St Lucia Food
St Lucia local food is not fancy, but it is tasty and filling. The most popular st lucia street food you will find are BBQ chicken and fish, fried or roasted “bakes” (similar to Johnny cakes, a flat bread made from wheat flour). A great gluten free alternative is cassava bread made from the tapioca root. Indian – inspired rotis (wraps filled with curried potatoes and either meat, fish or vegetables is standard fare.
Most St Lucians eat “local meals” for lunch, tasty and generous helpings of rice or macaroni and cheese, beans or lentils, vegetables, ground provisions (sweet potato, dasheen, yam, breadfruit etc.), fried plantains and fish or meat. These tend to be available only around noon, after which they sell out.
Another one of our favorite st lucia foods is the local “stew” or one pot also called “bouillon.” In earlier days, this stew was prepared on a clay coal pot. For vegetarians and vegans or people with dietary restrictions such as dairy or gluten free, street food is not so easy to find.
Local St Lucia Cuisine and eating out
The dining experience in St Lucia is very varied, from budget meals of less than US$ 10 to some very high end gourmet dining for over $80. The higher end St Lucia restaurants tends to be oriented more international, but also have St Lucia cuisine.
Fresh local juice is available many places, but tends to be very sweet. The St Lucia beer is a Lager called “Piton beer” brewed locally by Heineken (Windward Islands Brewery). St Lucia Distillers, which has won several international awards, offers tours and tastings at their location in the north near Marigot Bay.

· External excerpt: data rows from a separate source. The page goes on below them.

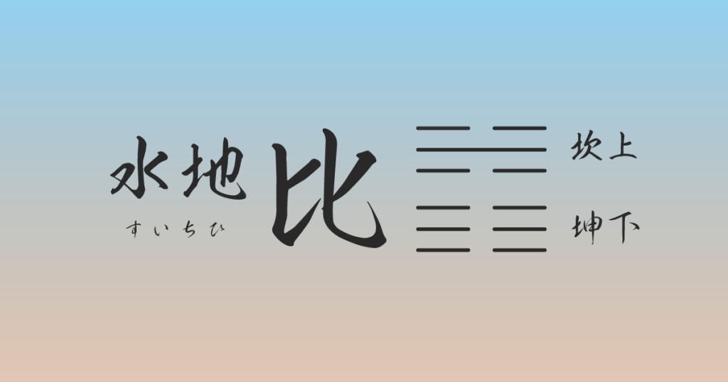 水地比(すいちひ)は坎上・坤下で水の下に地がある卦の形。水が土にしみ入り、土は水の潤す力によって草木を成長させることができます。
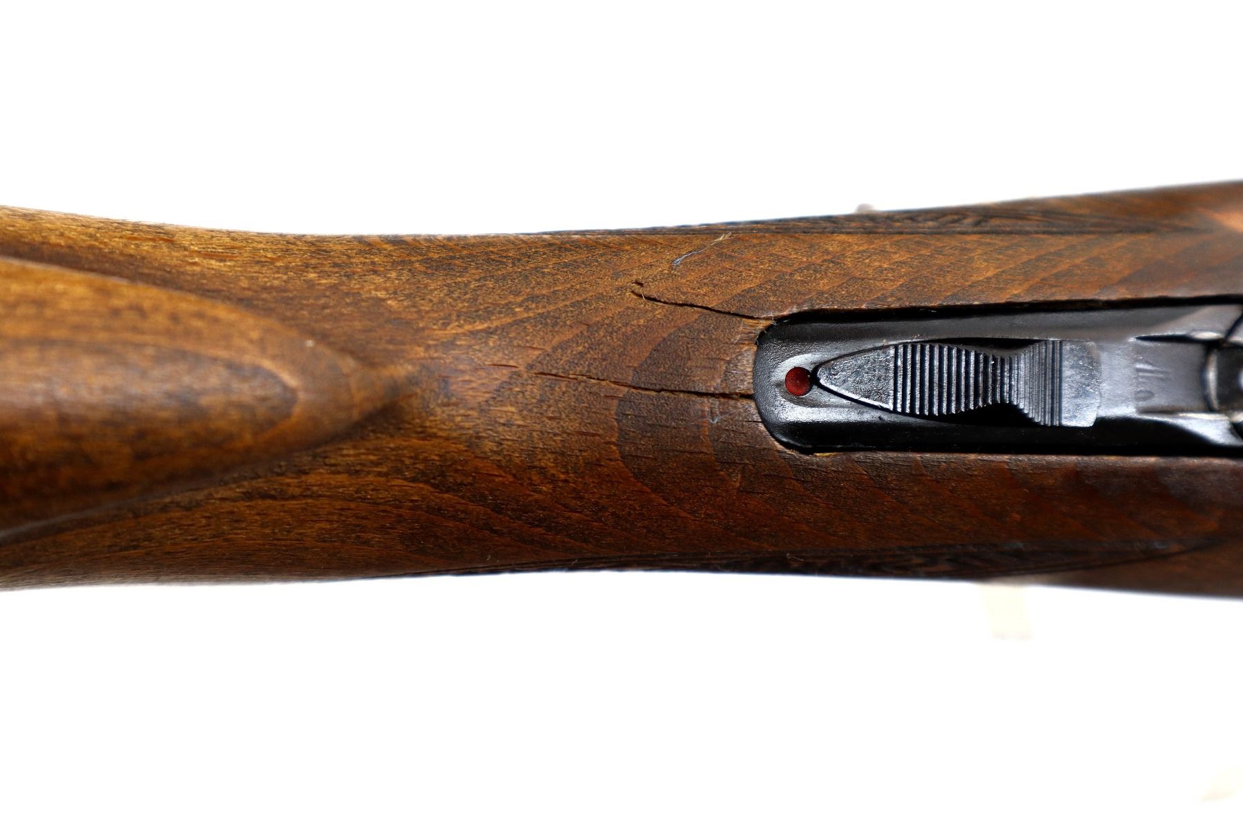 Main Description: Blade front sight with ramp, adjustable u notched rear sight with red fiber optic lines and ramp, blued finish, QD claw mount bases, front ring is drilled and tapped with no plug screws installed, turned down bolt handle, tang safety. One piece wood stock, checkered forearm and pistol grip, cracked behind receiver and trigger guard, cheek rest, brown vented rubber recoil pad which is damaged, 13.75" LOP, grip cap, hinged floor plate, sling swivels.
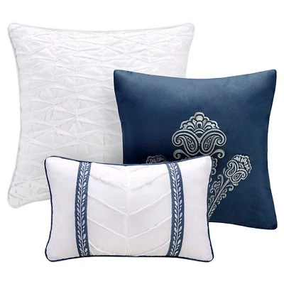 The Audra Reversible Coverlet Set brings an updated feel to your current decor. Its backdrop allows the white medallions to pop off of the top of bed. This coverlet and shams are fully reversible offering the flexibility to update your current decor or use this coverlet as a layering piece with your current bedding. Three decorative pillows use fabric manipulation and embroidery for the perfect finishing touches to this collection.
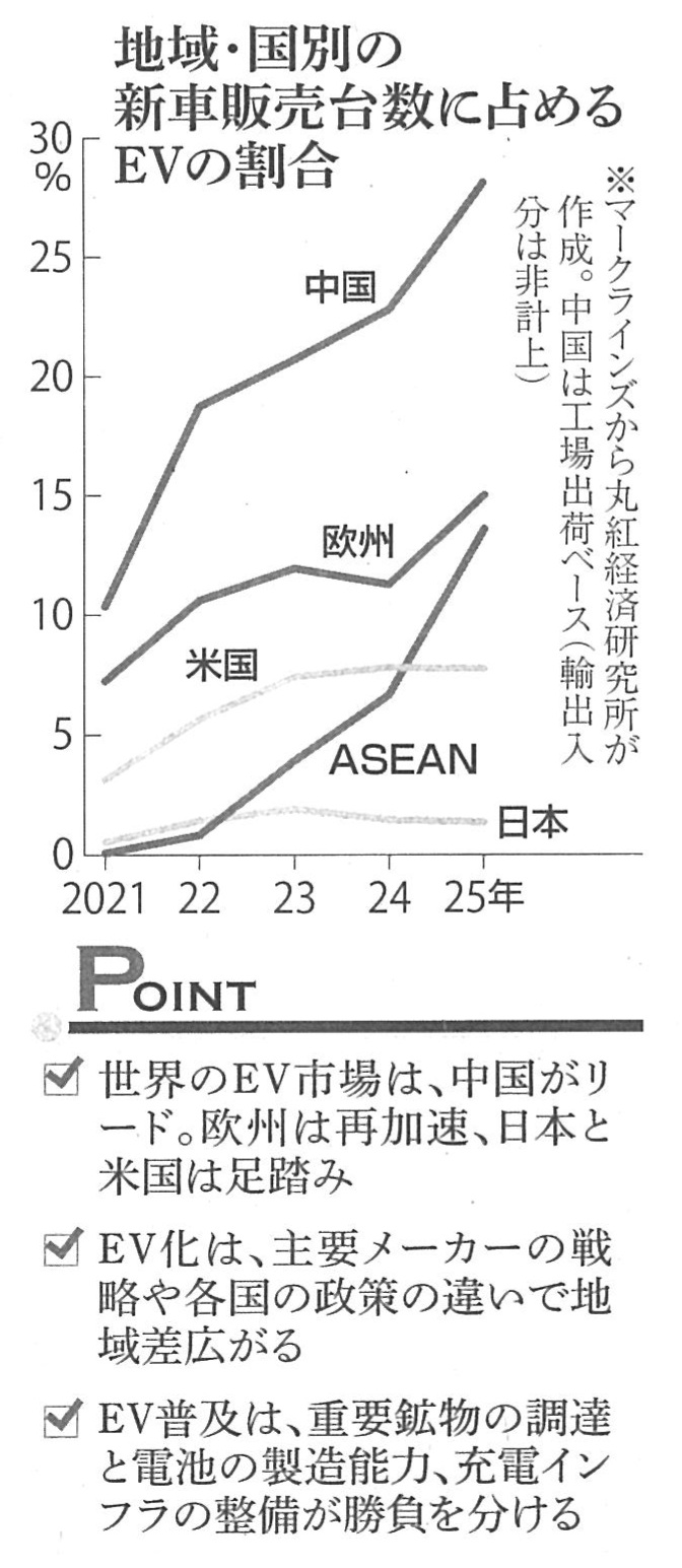 地域ごとに格差は広がっています。EVの成長をリードしているのは中国です。2025年のEV販売台数は約970万台で、新車販売に占める割合は28%です。中国製EVを多く輸入しているASEANも普及が進み、2021年にほぼ0%だったEV比率が、2025年は14%に上がっています。欧州では一時販売が停滞しましたが、EVの伸びが再加速し、2025年のEV比率は15%でした。フランスやドイツで伸びており、独フォルクスワーゲンなど欧州メーカーが販売を増やしているのが要因です。一方で、米国は足踏みが続き8%台です。日本は2023年をピークに減っており、わずか1%にとどまっています。
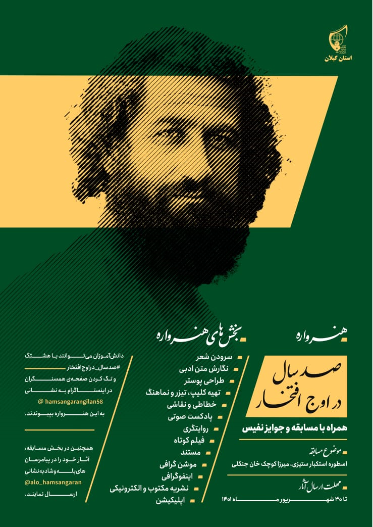 وی با گرامیداشت یاد و خاطره میرزا و نهضت جنگل گفت: به مناسبت یکصدمین سالگرد شهادت میرزاکوچک خان جنگلی و به منظور آشنایی بیشتر دانش آموزان با ابعاد شخصیتی و اهداف نهضت جنگل، هنرواره ملی «صد سال در اوج افتخار» برگزار میشود.

The St Lucia national dish is green figs and salt fish (cooked green bananas with salted cod, seasoning peppers, chives, mayonnaise – the salted cod is a remnant of British colonialism). Other typical St Lucian dishes include: Breadfruit balls, fried plantain, Christophene Grattin, calallou soup, pumpkin soup green mango salad, accra (fried fish cakes), lambi (conch) and fresh local fish (Tuna, King fish, Snapper or Mahi).
Growing, Buying and Preparing St Lucia Food
Farming tends to be small-scale, low-tech, costly, risky and therefore not very efficient. Nevertheless, the island offers many locally grown fruits and vegetables which you can get at the local farmers market as well as the main supermarkets.
You can prepare healthy, fresh and delicious meals as long as you shop smart, grow your own, and minimize waste. You won’t have the selection of different items that you may be used to, and some items are quite expensive. You can prepare many Asian dishes with what grows on the island, such as coconut, ginger, turmeric, and many other tropical fruits and vegetables.
St Lucia Produce
Common vegetables grown locally are pumpkin (squash), green beans, spinach, eggplant, tomatoes, cucumbers, peppers, okkra and lettuce. Breadfruit, sweet potatoes, yams, dasheen, bananas, plantains, squash, green beans, cucumbers, tomatoes, eggplant, kale, malabar spinach, chinese cabbage, chives. What st lucians call pumpkin is actually a squash (and very tasty!). A more exotic vegetables is the “christophene” more commonly known as chayote elsewhere. Interesting also is the lesser known “breadnut” a relative of the starchy breadfruit.
Coconuts, papayas, bananas and plantains grow pretty much year round. Pineapples and melons are starting to be grown commercially almost year round. Citrus (oranges, sour oranges, mandarines, tangerines, grapefruit, limes and lemons) have a fairly long season.
Local (seasonal) fruits include: Mangoes, Guavas, Wax apples, Love apples, a few different types of “plums” passion fruit, sugar apple, soursop, starfruit (Karambola), tamarind, avocados and acerola (cherries (high in Vitamin C, locals call them barbadian cherries).